Скиталец действительно возил за собой гусли, на которых порой что-то пытался наигрывать, напуская на себя раздумчивый вид. Еще Скиталец почему-то считался лучшим другом Шаляпина.
– Сборники у нашего гусляра самые злободневные, – продолжал Бунин. – Вот, послушайте их названия: «Сквозь строй», «За тюремной стеной», «Полевой суд»… Ну прямо слезу вышибает!
– А кто еще?
– Еще Леонид Андреев, Гусев-Оренбургский, Серафимович – чохом на всех почти три десятка книг. Недурно! А вот у Семена Юшкевича всего лишь шесть книжек.
– А сколько у вас, Иван Алексеевич?
– Меня, Куприна и Бальмонта «Знание» осчастливило по одной книжечке. Спасибо Алексею Максимовичу за внимание к нашим никому не нужным персонам. Где нам до Скитальца! Мы ведь даже на гуслях бренчать не научились.
И
вот теперь, подходя к издательству «Парус», Бунин возле входа столкнулся с Горьким, выходившим с толпой приближенных. Швейцар почтительно обнажил перед Алексеем Максимовичем лысую голову, сдернув с нее обшитую золотым галуном фуражку.Горький, высокий, несколько сутулый, увидав старого друга, радостно прогудел, заокал:
– Кого вижу: в Питере сам Бунин! Почему не звоните, почему не заходите, Иван Алексеевич?
– Я только что с дороги. Да и вы, Алексей Максимович, человек занятой, все политикой увлекаетесь…
Горький примиряюще сказал:
– Почто нам пикироваться? В честь Финляндии организовали бо-ольшое торжество. Открываем выставку, потом банкет. Вот, приглашаю вас.
– Все гении, поди, соберутся? – не без ехидства произнес Бунин.
Горький недовольно свел рыжеватые брови, из-под которых глядели зеленые уклончивые глаза, крякнул, прокашлялся и мягко возразил:
– Какие там гении! Скромные служители культуры…
Бунин, усмехнувшись, продолжил:
– А как же! Это прежде у нас гении были наперечет – Пушкин, Лермонтов, Толстой… Теперь же гений косяком попер: гений Мережковский, гений Брюсов, гений Блок, гений Северянин!
Он чуть не выпалил «гений Горький», но удержался. Алексей Максимович покачал головой, что-то неопределенно хмыкнул, а Бунин запальчиво продолжал:
– Урожай гениев! И взращивает этот урожай толпа. Литература ведь нынче не мыслит себя без улицы. А улица, толпа никогда меры не знает, она страшно неумеренна в своих похвалах. Вот она и провозглашает своих «гениев».

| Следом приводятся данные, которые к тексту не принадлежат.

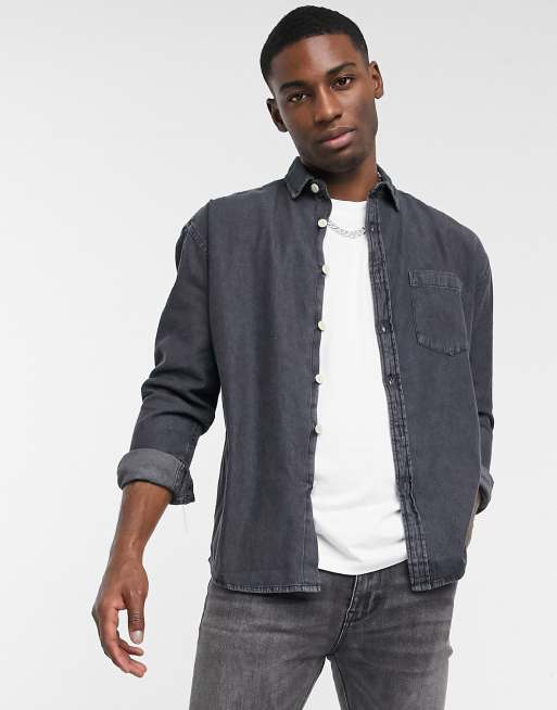 Asos Design 90s Oversized Denim Shirt In Black Asos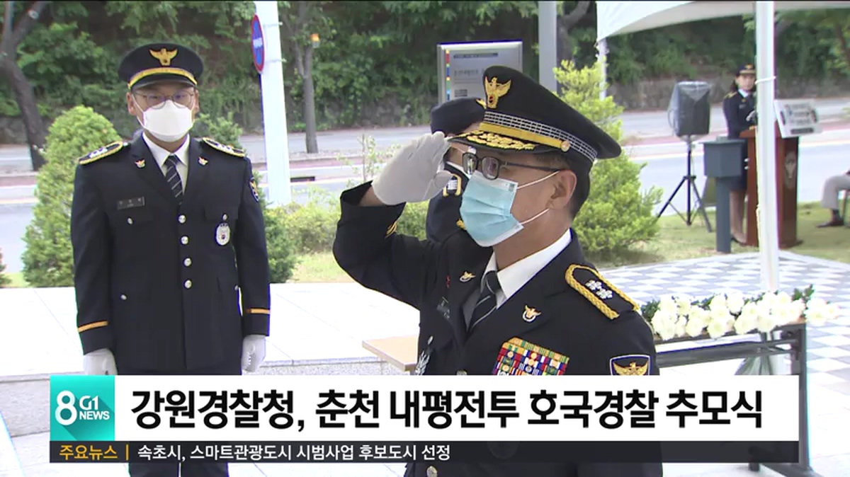 김재규 청장을 비롯한 강원경찰청 직원과 경찰 유족들은 오늘 춘천 내평전투 호국경찰 추모상을 찾아 한국전쟁 당시 조국을 지키다 순국한 경찰의 넋을 기렸습니다.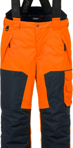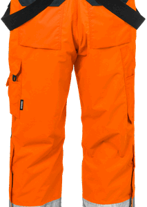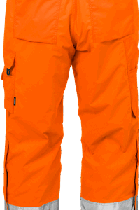 Airtech® breathable, wind and waterproof / Quilted lining / Detachable braces / Belt loops / Adjustable waist / D-ring / 2 front pockets with covered zip / 2 back pockets with flaps and velcro fastening / Folding rule pocket with extra pocket / Leg pocket with flap and velcro fastening, mobile phone pocket with flap and velcro fastening, D-ring and ID-card pocket / Pre-shaped knees / Knee pockets with inside opening / Height adjustment for knee pads in knee pocket / Reinforced thigh panel in contrast colour / Short zip at leg ends / Adjustable leg ends / Waterpillar 20,000 mm / Breathability Airtech® material RET <15 / Approved according to EN 14404 together with kneepads 124292, EN ISO 20471 class 2, EN 342 and EN 343 class 4/1. Shell fabric meets class 4 for water vapour permeability; EN 343 class 4/4 / Colour 271 is approved according to RIS-3279-TOM: 2019 Issue 2 UK Railway Standard / Certified after 25 washes / OEKO-TEX® certified.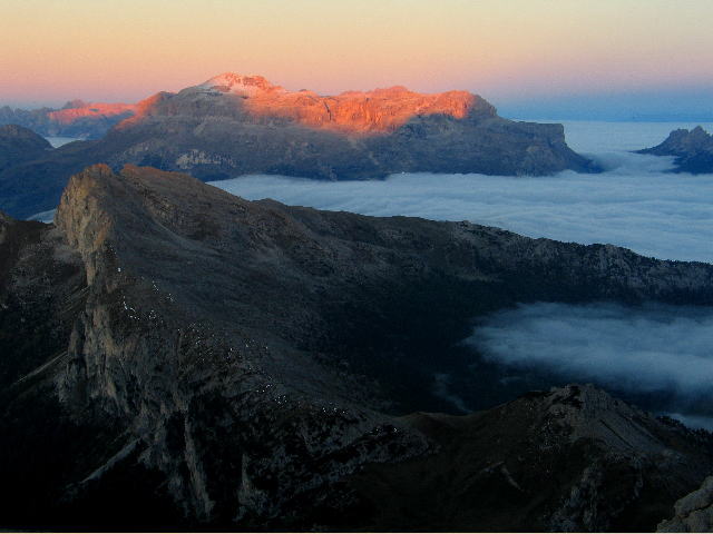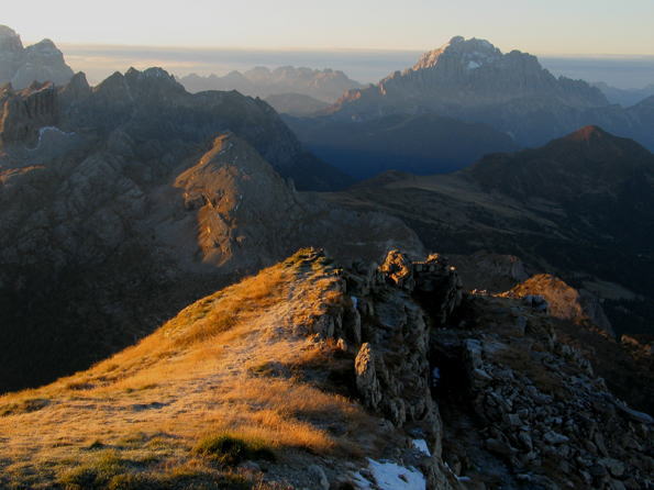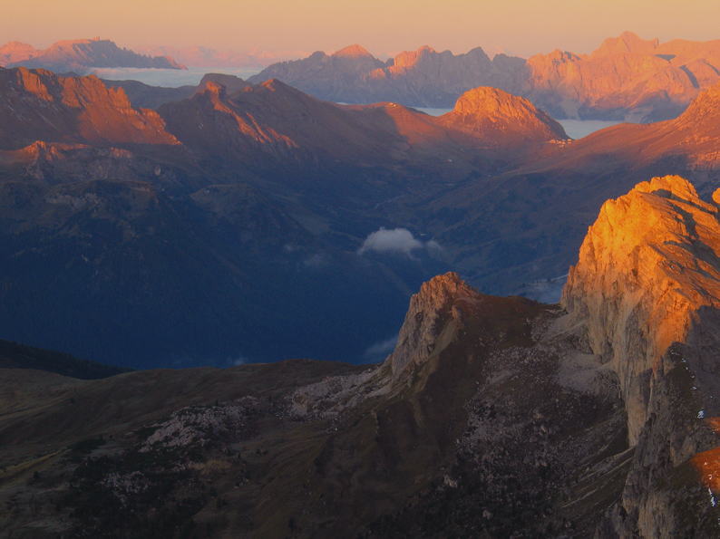 | 1=ラガツォイ小屋テラス西側の絶景。 一つむこうの谷に雲海が流れている。 遥か遠くまで見える快晴の朝。 |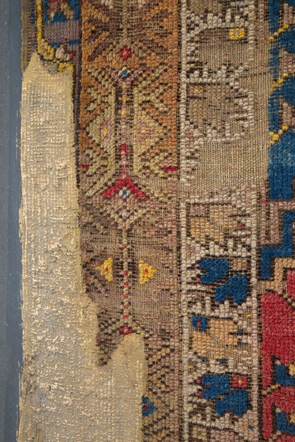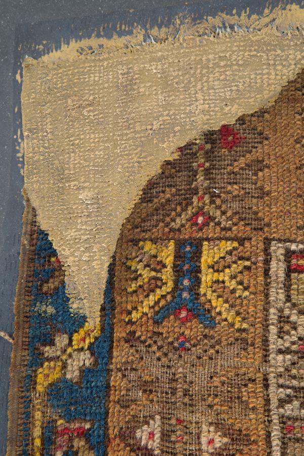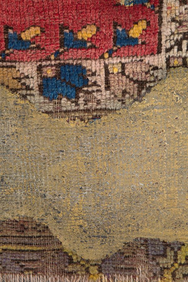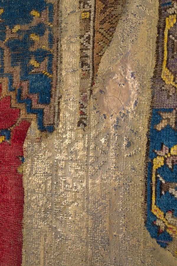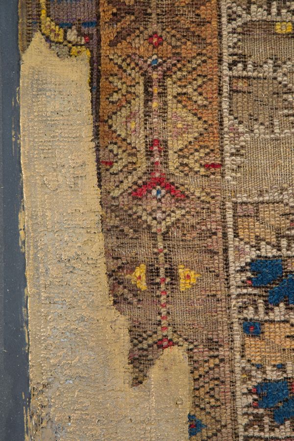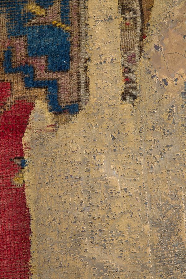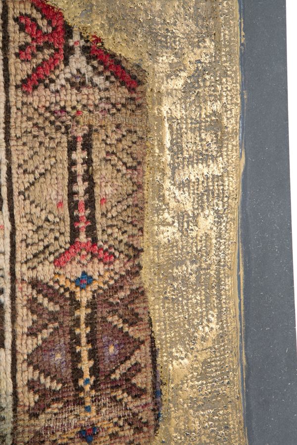 Panel mounted on wood Anatolian Kentsugi made by Tony Wetfloor, is part of the "CARPET RELOADED" project. 2019. The ancient Japanese tradition applied to an oriental textile. A cast of bronze that enhances the wear of the carpet by highlighting the worn warp and weft, giving it new life. Wetfloor's approach to art is fascinating, as it focuses on embellishing and restoring new artistic dignity and symbolic value to a textile object, in this case a carpet.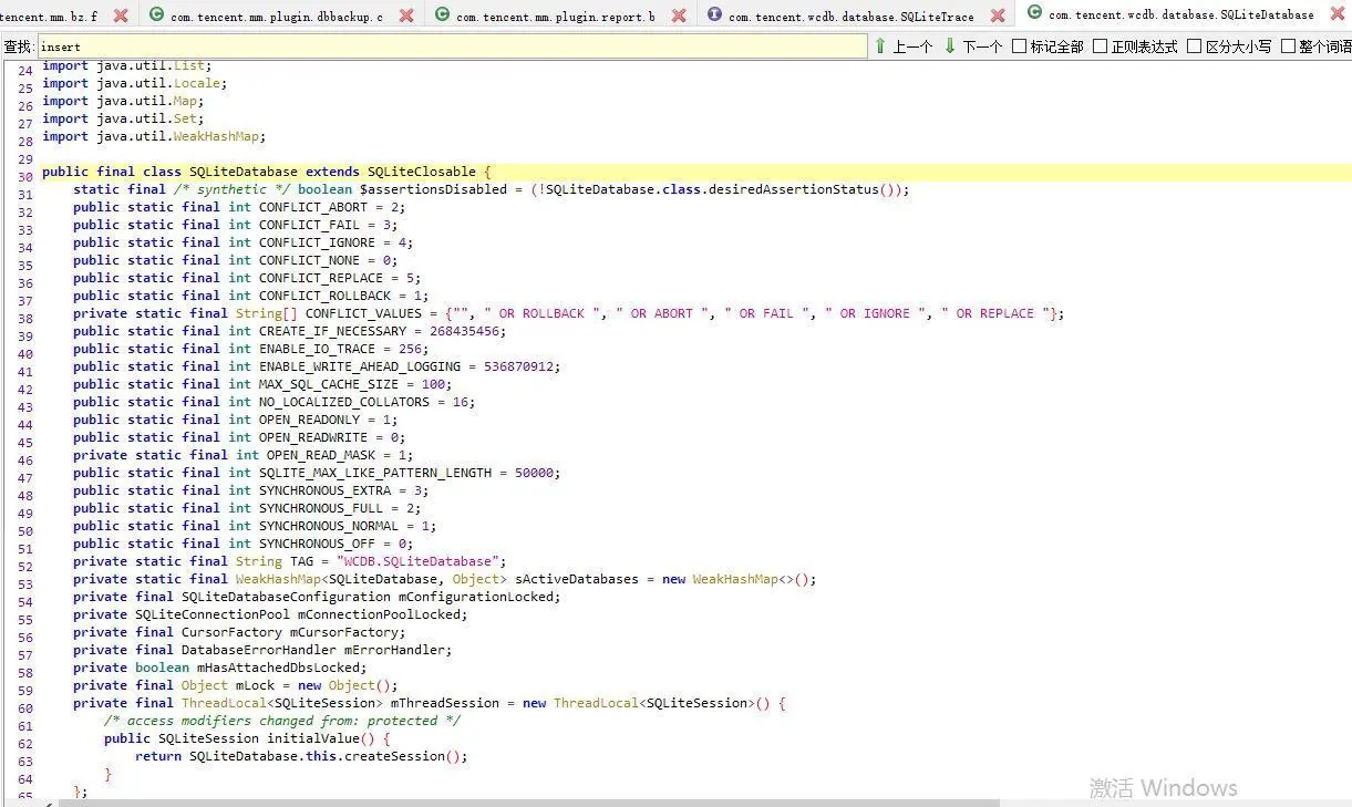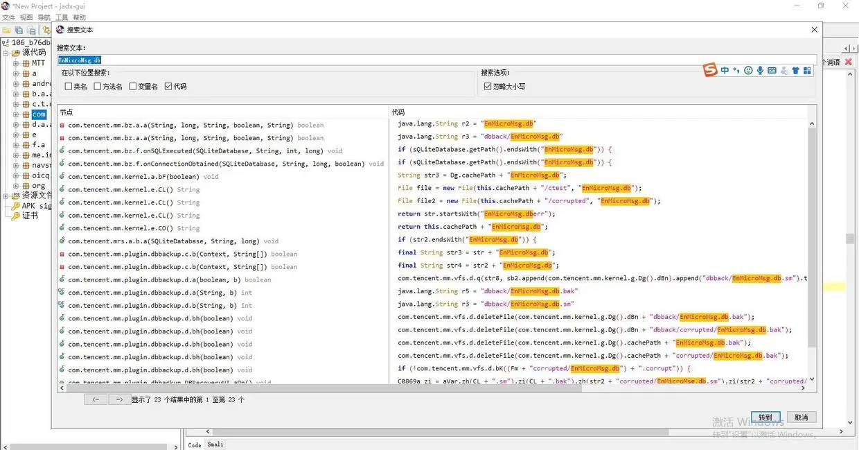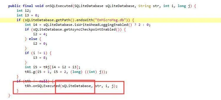 EnMicroMsg.db之后就要每个结果去分析看哪个是比较有“眼缘”的结果。我们可以看到,第三条名字是onSQLExecuted,嗯?有点像,跟进去看看。

Горький промолчал, потом положил большую руку на плечо Бунина:
– Пошлого в этом мире много. Но не все так плохо, право. Вы, как обычно, в «Европейской»? У меня автомобиль, так я за вами заеду. Как на ковре-самолете домчимся. Не банкет, лукуллов пир обещают. Все будут рады вам, Иван Алексеевич. – Он встрепенулся: – Прощайте, дела ждут!

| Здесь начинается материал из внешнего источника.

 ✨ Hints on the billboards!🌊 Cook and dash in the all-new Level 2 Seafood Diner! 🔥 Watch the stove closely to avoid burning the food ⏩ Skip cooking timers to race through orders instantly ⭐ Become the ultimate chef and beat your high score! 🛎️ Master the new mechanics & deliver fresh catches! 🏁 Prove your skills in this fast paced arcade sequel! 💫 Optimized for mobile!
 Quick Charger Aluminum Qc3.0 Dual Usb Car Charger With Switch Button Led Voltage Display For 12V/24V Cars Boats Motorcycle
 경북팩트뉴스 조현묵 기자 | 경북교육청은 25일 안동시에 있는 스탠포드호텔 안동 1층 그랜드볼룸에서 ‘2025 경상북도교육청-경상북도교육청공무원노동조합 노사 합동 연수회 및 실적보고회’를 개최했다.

На этом диалог был окончен. Горький еще раз крепко обнял Ивана Алексеевича, прижался жесткой щеткой усов к его щеке, дыхнул на него запахом дорогого табака, уселся в лаковое авто, фырчавшее у подъезда, и быстро покатил.
И все произошло так, как обещал Алексей Максимович. Был автомобиль, была выставка, был лукуллов пир. И съехались на него все те, кого газетчики давно с пышной безвкусицей называли «цветом русской интеллигенции».

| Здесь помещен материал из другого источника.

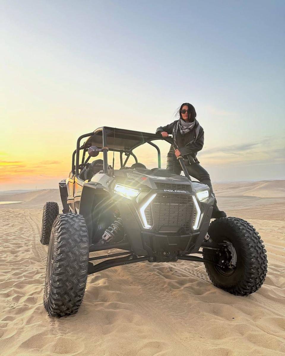 Tak sekadar berkunjung, Fitri Carlina melakukan kegiatan seru di gurun pasir tersebut, yakni berkendara off-road. Fitri Carlina pun terlihat gagah saat berpose di mobil off-road yang ia naiki. Yuk intip!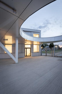 - En cœur de ville, une école, un grand parc, de grands arbres… les enjeux sont multiples pour guider la réflexion… pour les utilisateurs, tirer le meilleur de ce terrain en maximisant les vues et les apports en lumière naturelle ; pour les élèves, veiller à maintenir les qualités de ce poumon vert en réduisant l’impact du bâtiment ; pour l’établissement, proposer un projet durable dans le sens entier du termes, adapté pour aujourd’hui et demain… ”[...]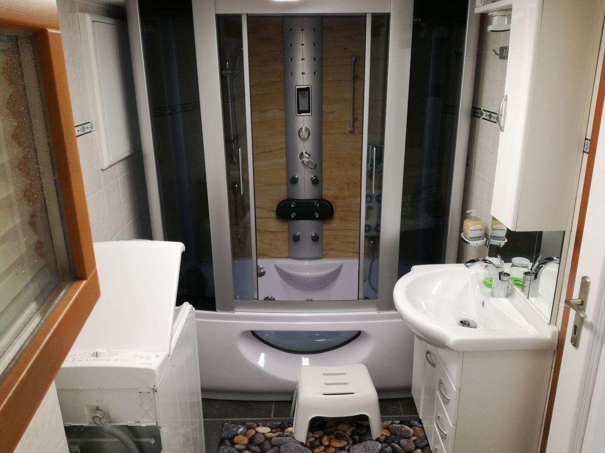 UG: Großes Wellness-Badezimmer mit Whirlpool-Duschtempel, Badewanne mit Dampffunktion, WC & Waschmaschine
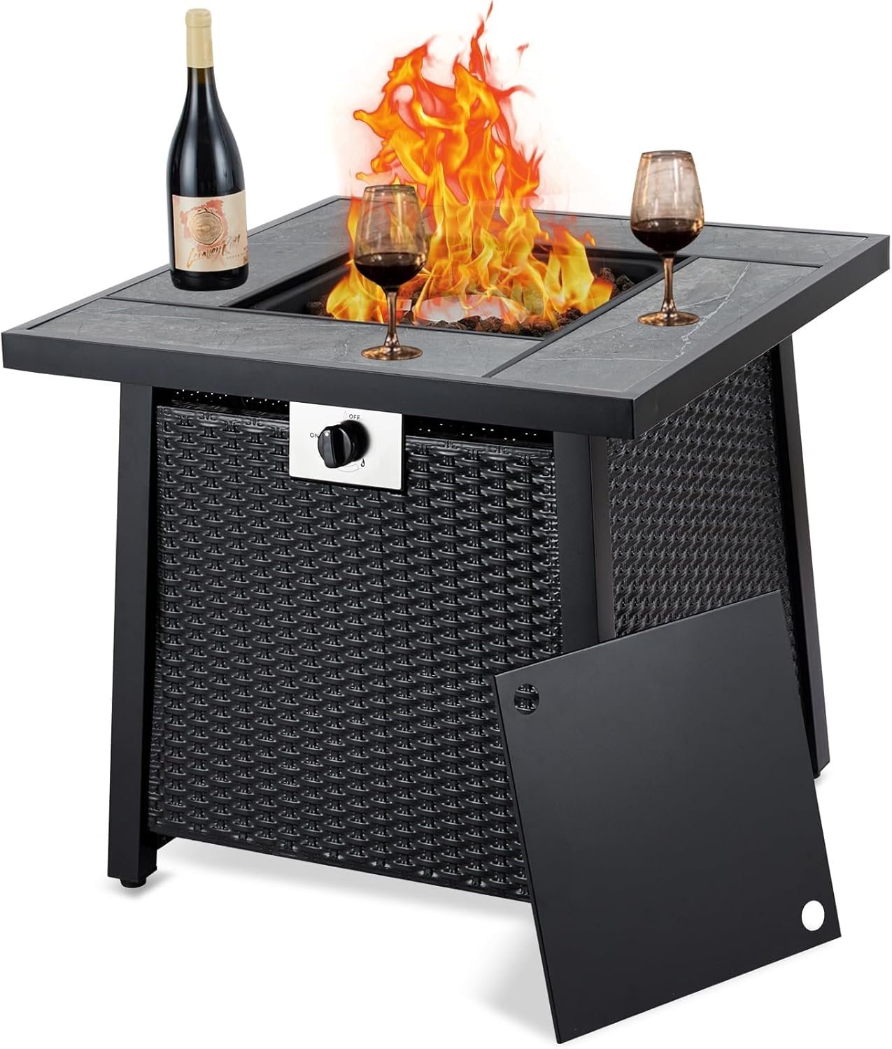 About this item ð¥Powerful Heat Output: Experience the warmth of this 28-inch outdoor gas fire pit with a powerful 50,000 BTU output. Enjoy cozy evenings with adjustable radiant heat, perfect for gatherings in your patio or garden ð¥Smokeless Control: The chrome manual control valve allows for 100% smokeless variable flame height. Just press the pulse switch and rotate the valve knob, and the electronic ignition system will swiftly ignite a stunning fire ð¥Reliable Construction: Crafted with a robust steel surface and coated with high-temperature paint, this fire pit table is designed to withstand the elements while maintaining its sleek, black finish for years of enjoyment ð¥Versatile Dining Functionality: Easily cover the fire pit to create additional space for family and friends to enjoy light meals together. This multifunctional feature enhances your outdoor experience for every occasion ð¥What You Got: Product size: L28âx W28âx H24.5. This patio firepit table comes with a lid and lava rocks, providing both versatility and visual charm. Our commitment is to the gas outdoor fire pit with a 24-month warranty and professional and friendly after-sales service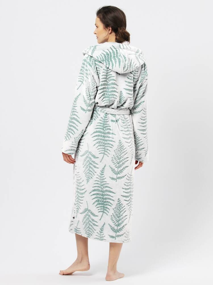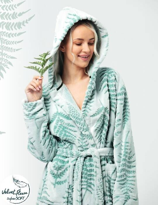 Długi szlafrok damski wykonany z miękkiej dzianiny typu soft ozdobione delikatnym wzorem

Собравшиеся оказались самыми различными людьми – и по возрасту, и по своему положению. Здоровые, сытые, самоуверенные мужчины в великолепных фраках, благоухающие французским одеколоном. И тут же дряхлая размалеванная старуха со вставной, выпадающей при разговоре челюстью и клочками седых волос на мертвенном черепе, приобщившаяся к культуре едва ли не во времена Гоголя. Кроме того, в зал набились знаменитые и вовсе неизвестные, молодые и старые писатели, актеры, художники, кто-то из министров Временного правительства, иностранные дипломаты, посол Франции.
В центре внимания были Горький и гремевший в то время финский художник Галлен. Все толпились вокруг них, перебивая друг друга и не слушая ответов, без конца задавали им вопросы о политике, об Учредительном собрании, о делах на фронте и, конечно, вечное – «о творческих планах».
Горький устало улыбнулся, почесал утиный нос с широкими ноздрями и в веснушках, указал широкой, с желтыми от частого курения ногтями рукой на стол:
– У нас всех первоочередная задача – отведать сих даров полей, лесов и рек… Иван Алексеевич, пожалуйста, садитесь поближе. – И он усадил Бунина между собой и Галленом.